I spied Robert, the oldest of the Manganiello children, instructing a teenage girl on the appropriate ratio of parsley to parmesan cheese. I realized the girl must be his daughter, the same daughter who was only four the last time I saw her. This realization made me feel each of my twenty-six years and then some.

Milo made introductions to any member of the family I didn't know. This included: Robert's wife Viv and their five children; Franco's wife Madeline and their three children; Christine's husband Sam and their six children; and Manny's wife Jennifer and their three children. It was explained to me that Lisa-Nico's second sister-couldn't come as she was a busy and important attorney in Chicago and hardly ever made it to family events anymore.

I was thankful for Lisa's absence and the fact that Milo was still single-less names to remember.

I tried to make mental notes in order to remember names, pairing spouses and children with the Manganiellos I knew; after a while I accepted the fact that I just wasn't going to remember everyone. So I did a lot of smiling and nodding and calling little girls "dear" and boys "cutie".

Through all of the introductions and handshakes and smiles, the back of my neck itched and tingled. I could feel Nico's gaze intermittently follow my movements. I didn't want him to see my confusion, my lack of a specific plan so I went with my de facto plan-pretend everything is fine, feign ignorance, act normal.

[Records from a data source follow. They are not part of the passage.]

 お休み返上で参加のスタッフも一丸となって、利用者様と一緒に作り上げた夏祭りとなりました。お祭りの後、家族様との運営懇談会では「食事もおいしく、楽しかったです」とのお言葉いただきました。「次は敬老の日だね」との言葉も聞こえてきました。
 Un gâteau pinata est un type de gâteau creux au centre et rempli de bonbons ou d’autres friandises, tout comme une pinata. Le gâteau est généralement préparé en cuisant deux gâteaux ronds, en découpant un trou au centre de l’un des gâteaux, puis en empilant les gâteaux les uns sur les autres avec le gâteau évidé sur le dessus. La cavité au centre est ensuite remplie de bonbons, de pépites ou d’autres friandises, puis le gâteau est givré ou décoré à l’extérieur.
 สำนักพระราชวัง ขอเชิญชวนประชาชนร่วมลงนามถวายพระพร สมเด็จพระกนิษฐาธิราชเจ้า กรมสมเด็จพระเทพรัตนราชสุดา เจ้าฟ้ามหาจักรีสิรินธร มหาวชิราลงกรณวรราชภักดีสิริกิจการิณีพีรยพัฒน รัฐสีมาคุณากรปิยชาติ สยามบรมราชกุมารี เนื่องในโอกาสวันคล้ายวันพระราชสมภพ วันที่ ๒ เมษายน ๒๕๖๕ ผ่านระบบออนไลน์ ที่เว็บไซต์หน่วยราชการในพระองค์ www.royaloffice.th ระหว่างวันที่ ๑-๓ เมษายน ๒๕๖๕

I didn't mind that Milo appointed himself as my handler. Once he seemed to be satisfied with the introductions we left the kitchen with stacks of plates, cloth napkins, and silverware and set to the task of setting the large table in the dining room.

"We'll put the silverware and napkins around the table, but leave the plates on the buffet," Milo announced, indicating with his chin toward the long buffet table in the smaller dining room where he and Manny had already placed some of the food.

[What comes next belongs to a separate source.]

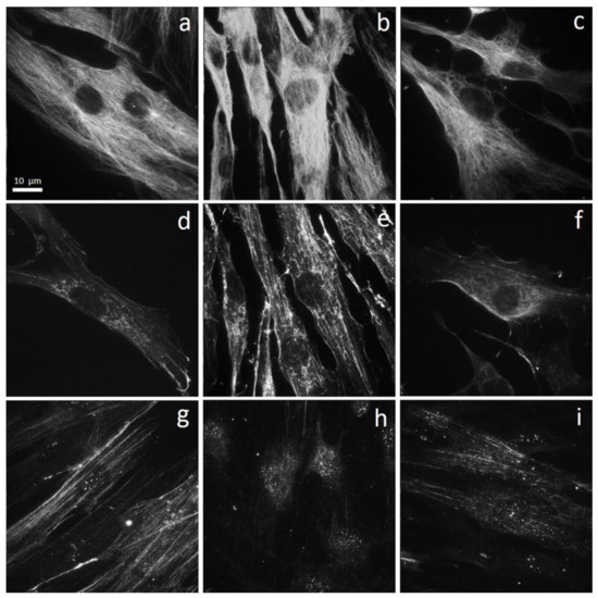 As regards actin distribution and organization, control fibroblasts showed a perinuclear area rich of G-actin, a network of very thin microfilaments distributed in the cell cytoplasm, and a thin actin layer placed close to the plasma membrane (Figure 5d). In the stimulated fibroblasts, F-actin was predominant, with microfilaments arranged in parallel and thicker in comparison with those observed in control cells (Figure 5e). As already noted for tubulin, also in the case of actin, the stimulated cell samples which were then exposed to laser radiation recovered a condition similar to the control cells, with G-actin thickened in the perinuclear area, few very thin microfilaments and a thin actin layer close to the cell membrane (Figure 5f).
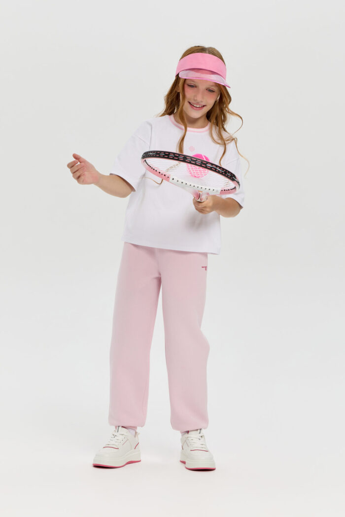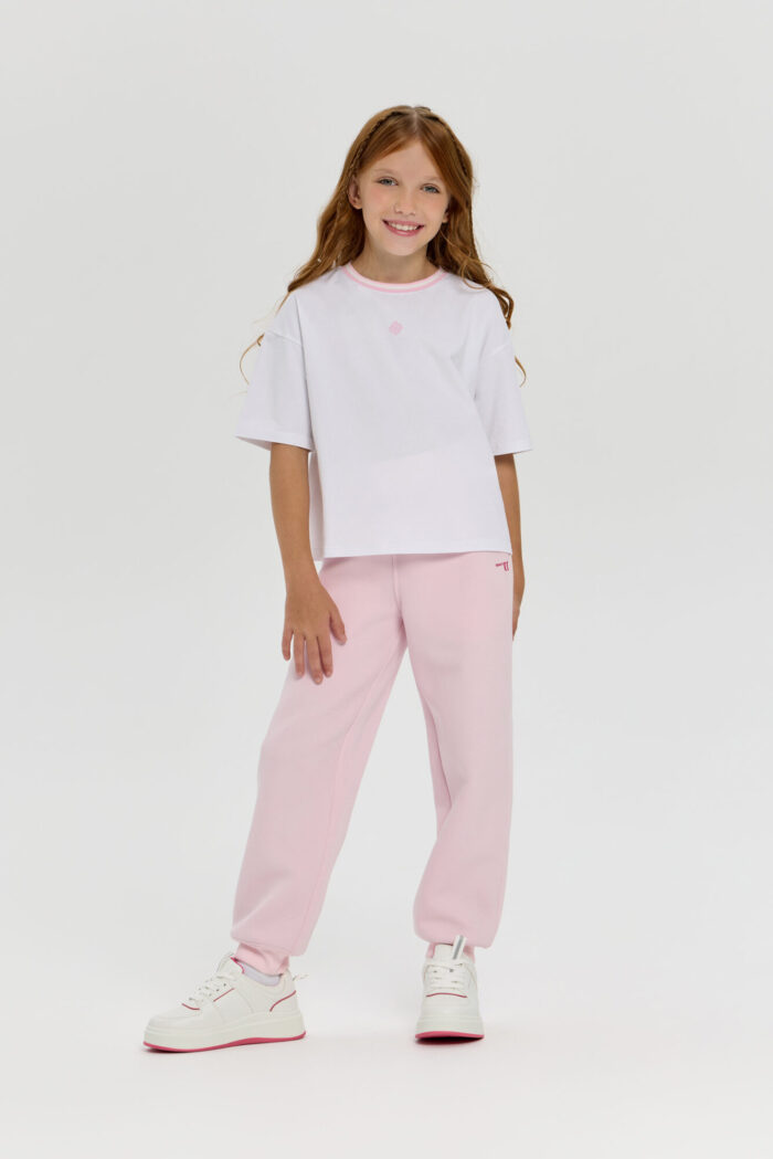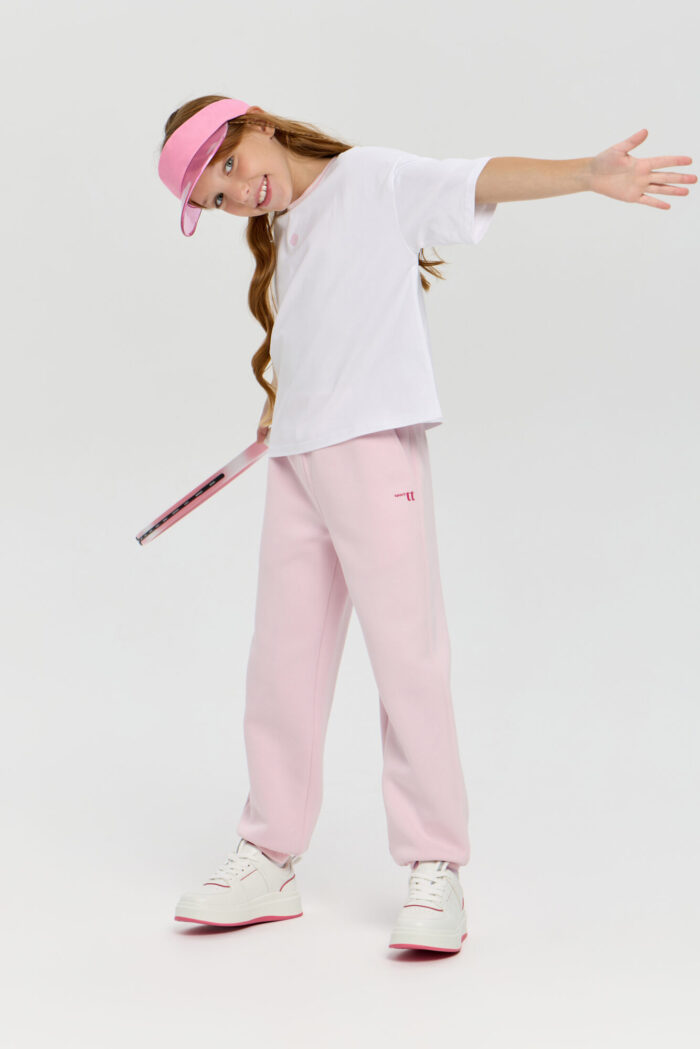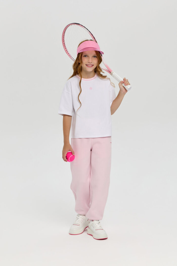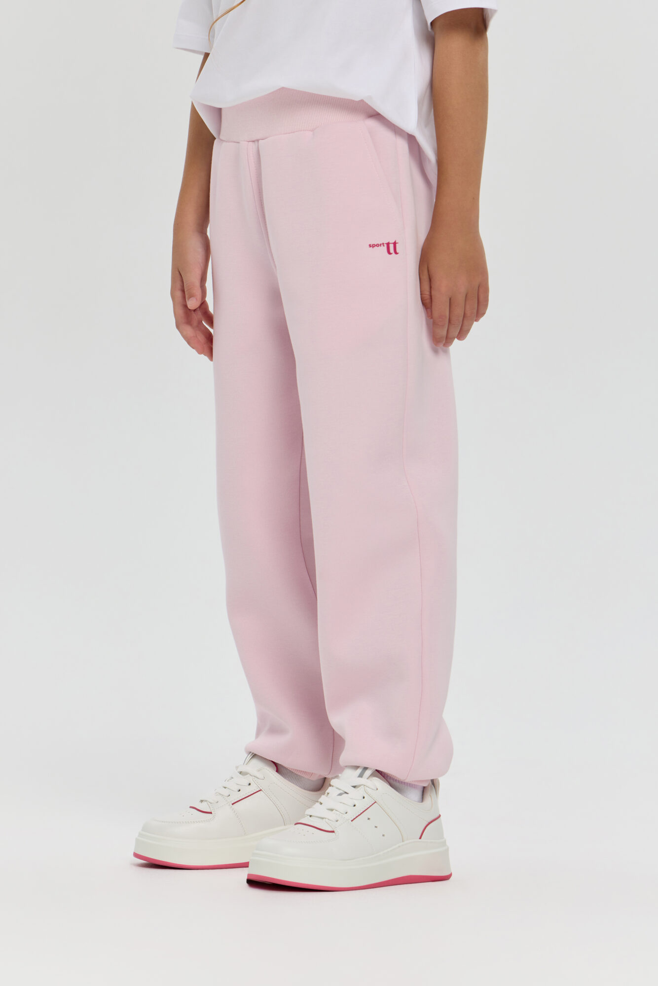 Stylish pink neoprene sports pants for girls. Neoprene material retains heat and keeps its shape, providing comfort even during active workouts. An elastic drawstring waistband allows you to adjust the fit, and practical side pockets let you carry your phone, keys or small accessories with you. The stylish minimalist design makes this model versatile: the pants can be easily paired with sweatshirts or regular T-shirts. Suitable for both sports and everyday wear.

My attention moved to the indicated table, but snagged on the sight of Sandra and Rose with their heads together, engaged in deep conversation by the jukebox. This sight made me frown. This sight also made the back of my neck itch and tingle.

I kept my eyes on them as I placed the flatware. Rose had her hand on Sandra's arm. Sandra bent her head lower to hear something that Rose said. Rose laughed at something Sandra said. It all looked very benign and was therefore extremely suspicious.

"Do forks go on the right or the left?" Milo's question pulled my attention away from Sandra and Rose. I blinked at him then at the settings I'd just placed. Some places had two knives and no forks, some had all spoons.

"Oh, I've made a mess." I immediately moved to remedy my mistake.

Milo laughed and it caused a twinge of awareness between my shoulder blades. He and Nico had the same laugh. Except for Milo's curly hair, they also looked a great deal alike.